I looked down, and saw my shoes and pant legs caked in the thick black stuff and felt a sickening repulsion. The more stern I grew with him, the more gloomy he became. “Why couldn't whoever made this make it work?”

“He… made it work, but in a different way. His wife, she wanted to finish the work in grief, to revert what he did. But their child, the poor boy, wasn't too attached to him, didn't see him as a father. He only wanted to fix it, make it work.”

“I don't understand... what happened to him?”

“It changed him.”

I pierced him with questions but he was selective with his words, and they only seemed to branch out and out more. Outside of the far window, slight pillars of sunlight shone in the room. It reminded me why I was here in this hotel in the first place, to sleep for the night. I didn't need to be here anymore and listen to this mentally unstable man yammer on and one like this. I wasn't frightened, but felt a candid remorse for the place at this point.

I was saying what he needed to hear to excuse my absence, but he told me now was a very vital time, and if I were to choose any other time to leave, it couldn't be now. I brushed it off as another of his attempts to persuade me, but then it caught my eye.

The light from outside shone into the perfectly aligned mirrors and it spread, with each sharing the pillar of light amongst themselves. The light seemed to glow more bright as it focused, and the machines emitted a pleasant high pitched purring.

“I at least have to show you,” the man said, taking to one of the transmitters and tweaking the knobs to his desired measurements. The metal frame dazzled with its lights, and the mirror encased began to glow bright, so bright as that the heavy film of dust couldn't keep its radiance from showing.

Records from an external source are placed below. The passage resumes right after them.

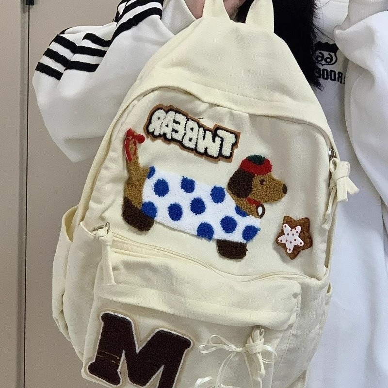 バックパック女性のバッグ漫画子犬新しいファッションコントラストカラーシンプルなバックパック大容量旅行バッグ学生スクールバッグ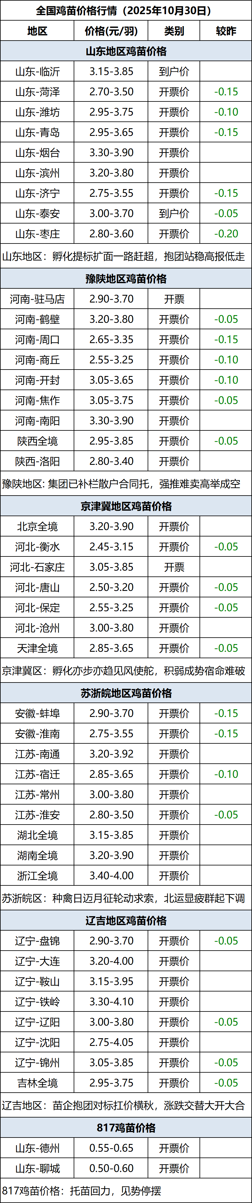10月30日全国鸡苗(肉鸡)价格行情(落价)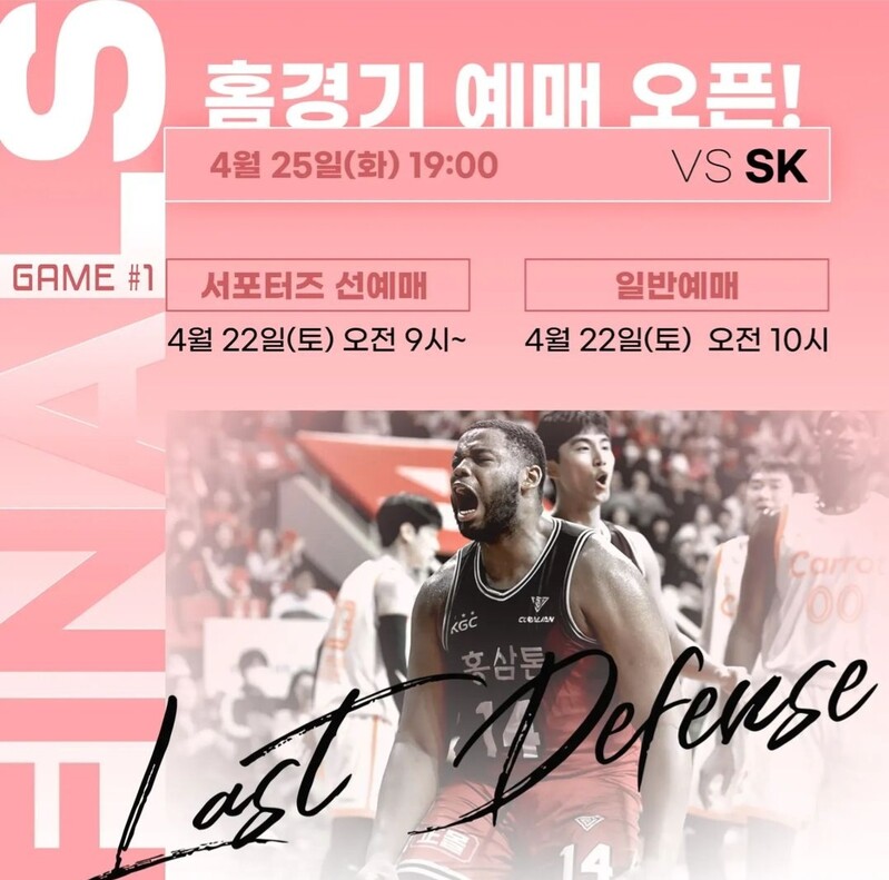 티켓 예매는 KBL 통합 홈페이지(kgc.kbl.or.kr) 또는 KBL 어플리케이션에서 경기일 3일 전 오전 10시부터 가능하며 ‘서포터즈300’ 가입자는 1시간 전인 오전 9시부터 응원석 예매가 가능하다.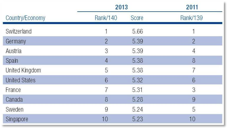 Si la France perd quatre places depuis 2011, elle tire son épingle du jeu en continuant d’attirer les touristes grâce à son riche héritage culturel. Ses infrastructures de transport terrestre et ferroviaire sont toujours parmi les meilleures mondiales (5ème rang). Cependant, elle perd des points à cause de sa politique générale d’attribution des visas touristiques. Celle-ci n’encourage pas suffisamment le développement qui décline cette année (35ème rang mondial). De même, dans la catégorie « Attitude de la population envers les touristes », la France arrive seulement en 80ème position sur 140.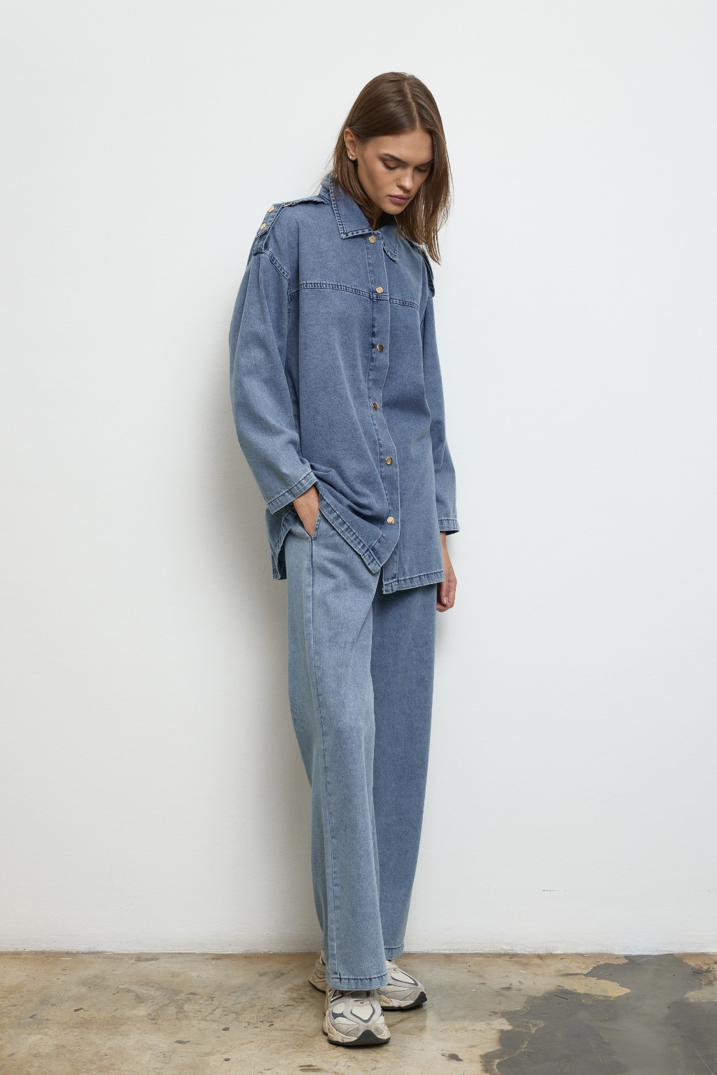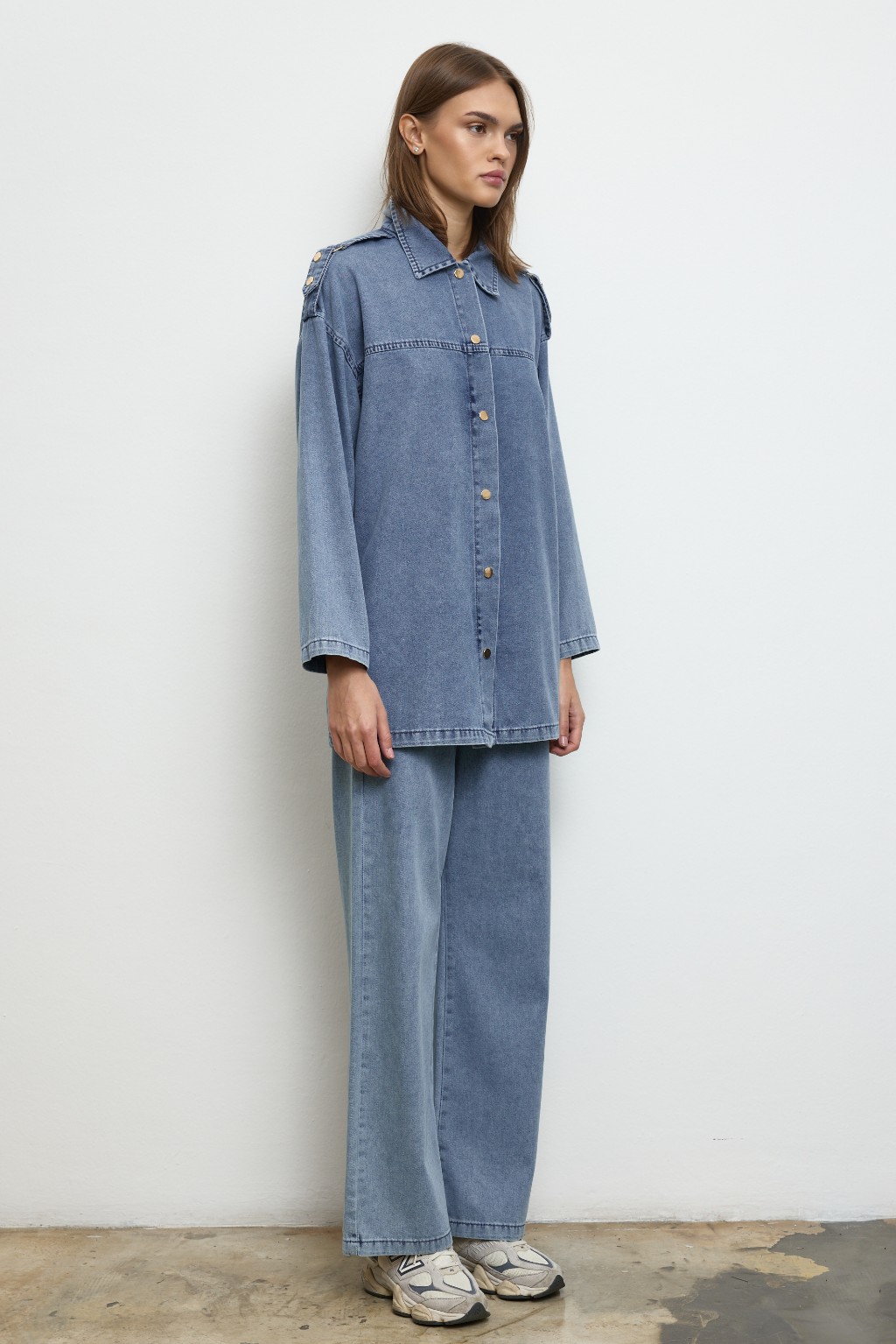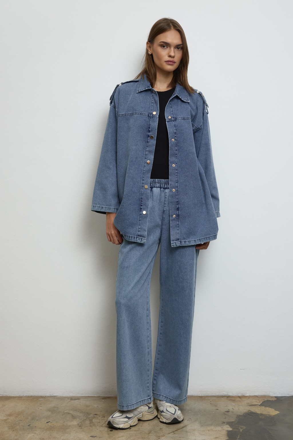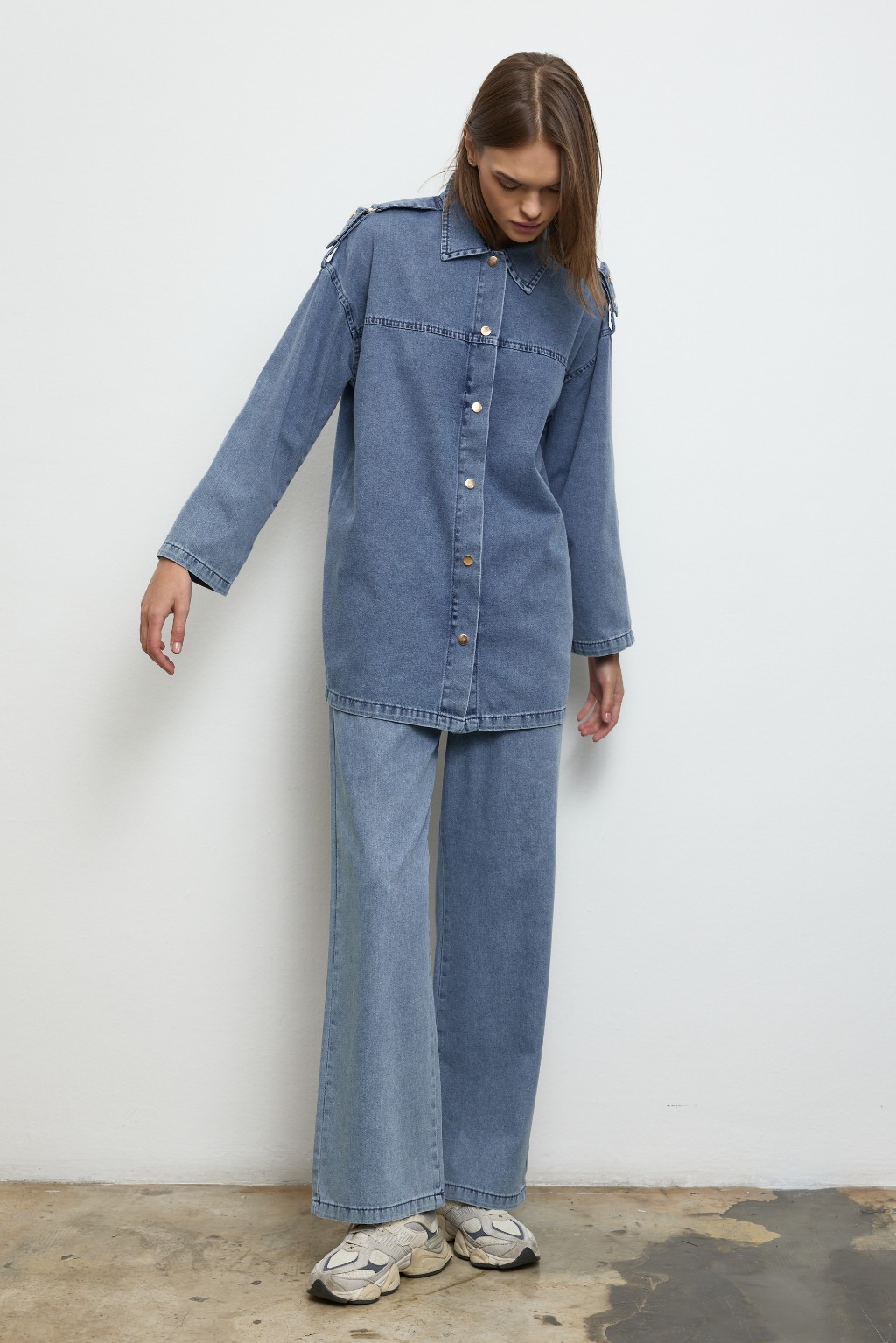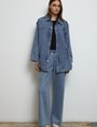 -Modern kesimi ve özenle düşünülmüş detaylarıyla denim takım, günlük stilinize güçlü bir dokunuş katıyor. Önü çıtçıt kapamalı ceket modeli, göğüs üstü dikiş detayları ve yakalı tasarımıyla sade ama dikkat çekici bir duruş sunuyor.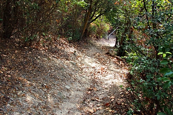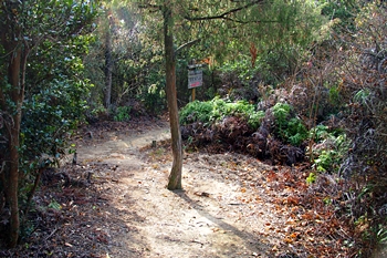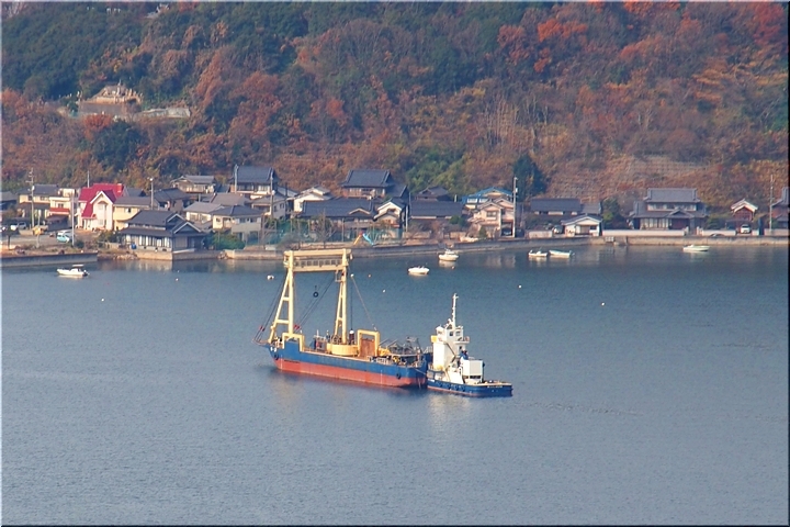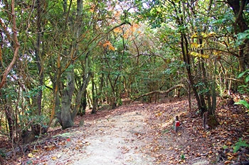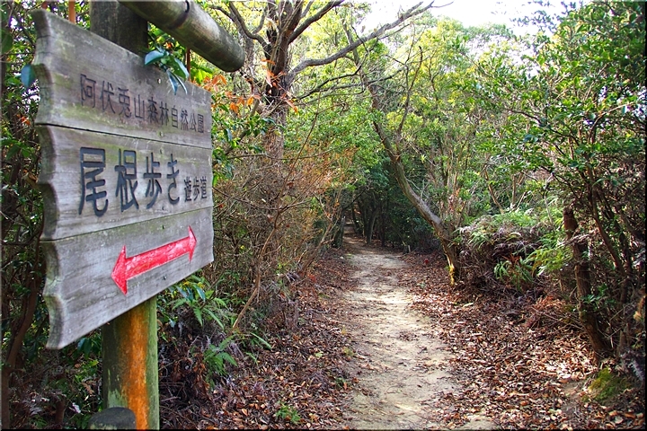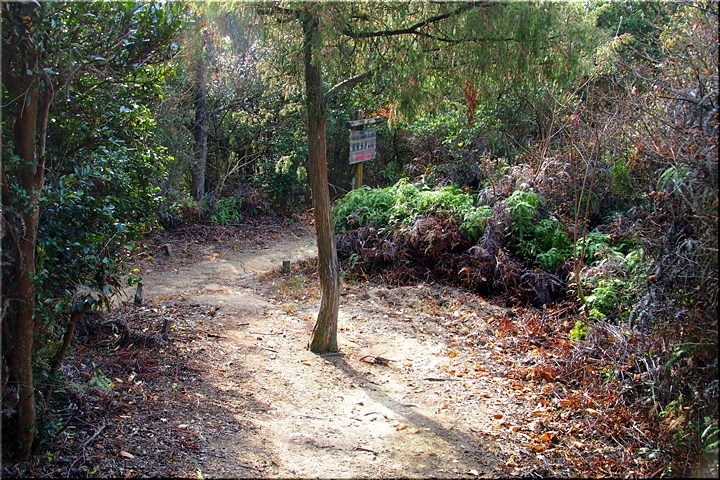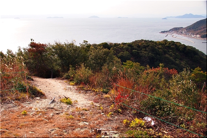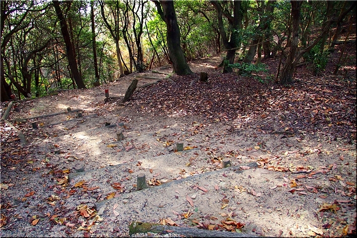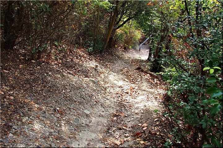 今まで、このルートで阿伏兎山に上がってきました事は何度もありますけど、下るのは初めて。このルートの方が少し急斜面ですから、落ち葉で足を滑らせないようにしませんと(^-^)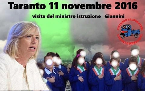 Non abbiamo apprezzato il fatto che i “nostri” bambini vengano strumentalizzati per l’ennesima accoglienza in stile “ventennio” di un ministro e delle istituzioni. Sarebbe giusto che i genitori, mentre plaudono il ministro e il sindaco, ricordassero i dati sul tasso mortalità dei bambini a Taranto, più alto del 30 per cento rispetto al resto d’Italia. Dovrebbero ricordarsi delle ordinanze firmate per impedire ai “nostri” figli di giocare nei parchi, o di aprire la finestra nelle giornate di vento da nord - nord/ovest. E dovrebbero ricordarsi di chi continua a non “vedere” pericoli immediati per la salute della comunità».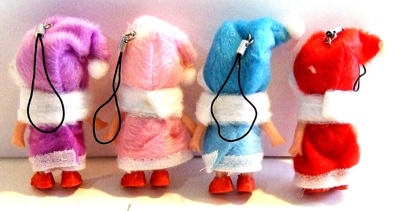 Lot of 4 Plastic Dolls For Phone, Purse, Backpack Charm Strap - NWOT 4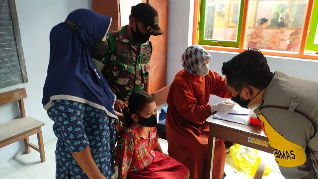 “Kegiatan vaksinasi untuk anak usia 6 hingga 11 tahun dioptimalkan dengan harapan seluruh warga baik dewasa maupun anak-anak bisa mendapatkan vaksinasi dengan mudah sehingga penyebaran virus Covid-19 dapat diteka,” ujar Serda Rudi Hartono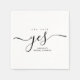 Fira kärlek i stil med dessa chic, minimalistiska blöjor av svart och vit möhippa. Med eleganten "Hon sa ja" i det moderna skript, ger dessa blöjor en aning sofistikering till alla möhippor, förlovningsfester eller bröllop-evenemang. Den rena, slående designen är perfekt för par som värdesätter underskattad elegans och tidlös dekoration. För både intim och stormig firande kompletterar dessa blöjor på ett utmärkt sätt alla bröllop-teman och förbättrar atmosfären med sin eleganta, svarta och vita estetik. Anpassa dem för en speciell beröring i extra på din stora dag.
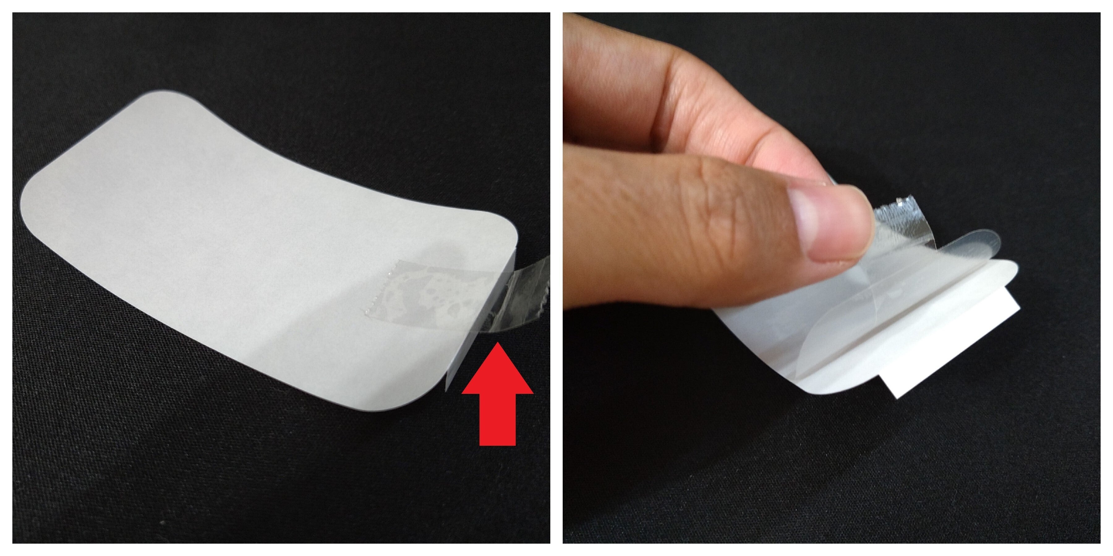 ベースフィルムが取り出しにくい場合、絶対に指紋を付けたくない等の場合は、セロハンテープを用いて剥がすことをおすすめします。(ベースフィルムが破れたりしない様に、ゆっくりと剥がしてください)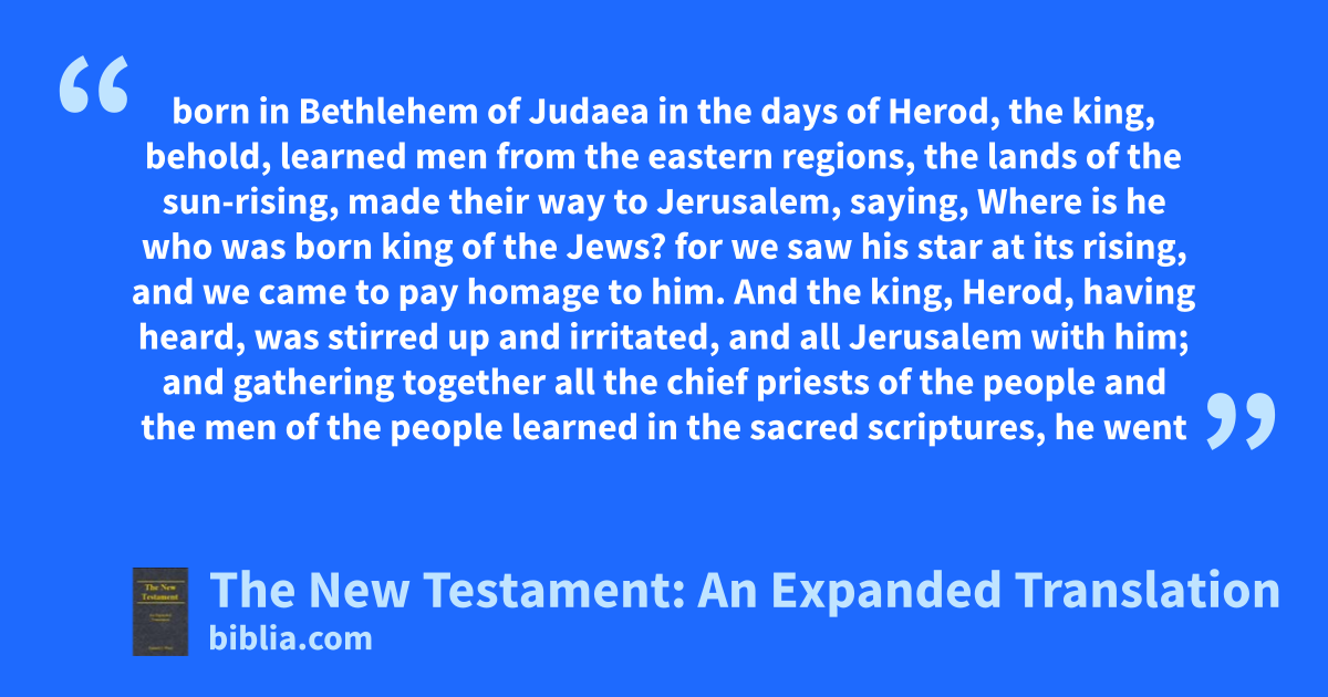 born in Bethlehem of Judaea in the days of Herod, the king, behold, learned men from the eastern regions, the lands of the sun-rising, made their way to Jerusalem, saying, Where is he who was born king of the Jews? for we saw his star at its rising, and we came to pay homage to him. And the king, Herod, having heard, was stirred up and irritated, and all Jerusalem with him; and gathering together all the chief priests of the people and the men of the people learned in the sacred scriptures, he went

Then something went wrong.

Some parts of the frame emitted a harsh screeching noise, components on the transmitters flayed about on their own with the old man swearing as he attempted to tame them. The scent of burnt hair filled the room, the pillars of light faded away, and the framed mirror flashed a bright ray of light towards me, like a snapshot.

It was blood-red, and stuck in my eyes even as I closed them. I felt nauseous, I blinked obsessively and rubbed at them desperately trying to get my vision back. All around me was the blackness of the room I couldn't see, vibrating with the whistles and screeching of the machines, like mimicking animals. The stress, confusion, and finally, panic, enveloped me to the point where I could no longer endure. I fled from the room, tears stinging my eyelids, farther and farther away from the old man's pleas.

My eyesight was slowly returning, the crimson light was now dull and muddy, creeping in my peripheral vision. As I went down the hallway I groped along my way where my eyes failed, yet, when my vision was returning I saw something different than what I had seen before.

The hallway was uncarpeted, the walls mostly peeled away, and here and there holes were torn into the walls. Some of them had frames.

Windows were being put into the hallways for the first time.

I tried to scurry out as quickly as possible, I didn't have anything in my room that I needed to take with me, so I made a run for the front doors. It was a blur, the environment was so eerie to me dream.

I was outside in the parking lot, with the sun beating down on me, fumbling for my keys. The old man came out after me, but he was only pleading for me to help. I was about to get violent with him, but he started to silently sob, and got down on one knee.

My eyesight was just shot at this point, I cupped my hands to be able to see him in the sunlight.

“Listen, I don't know if you understand...”

“I'm leaving.”

“Other people don't see the mold, you know. The machine being built in there, it was put together a few years ago. I helped put it together, but my father needs it to be finished.”

I noticed around his neck, he had a necklace with a star-design.

I still have the desire to go back to that hotel, but I'm afraid of what I will find. I only know how to return because as I was pulling out of the parking lot, my vision resuscitated, and I saw the sign of the hotel where in the dark I could not. “WEREGILD Family Owned Hotel.”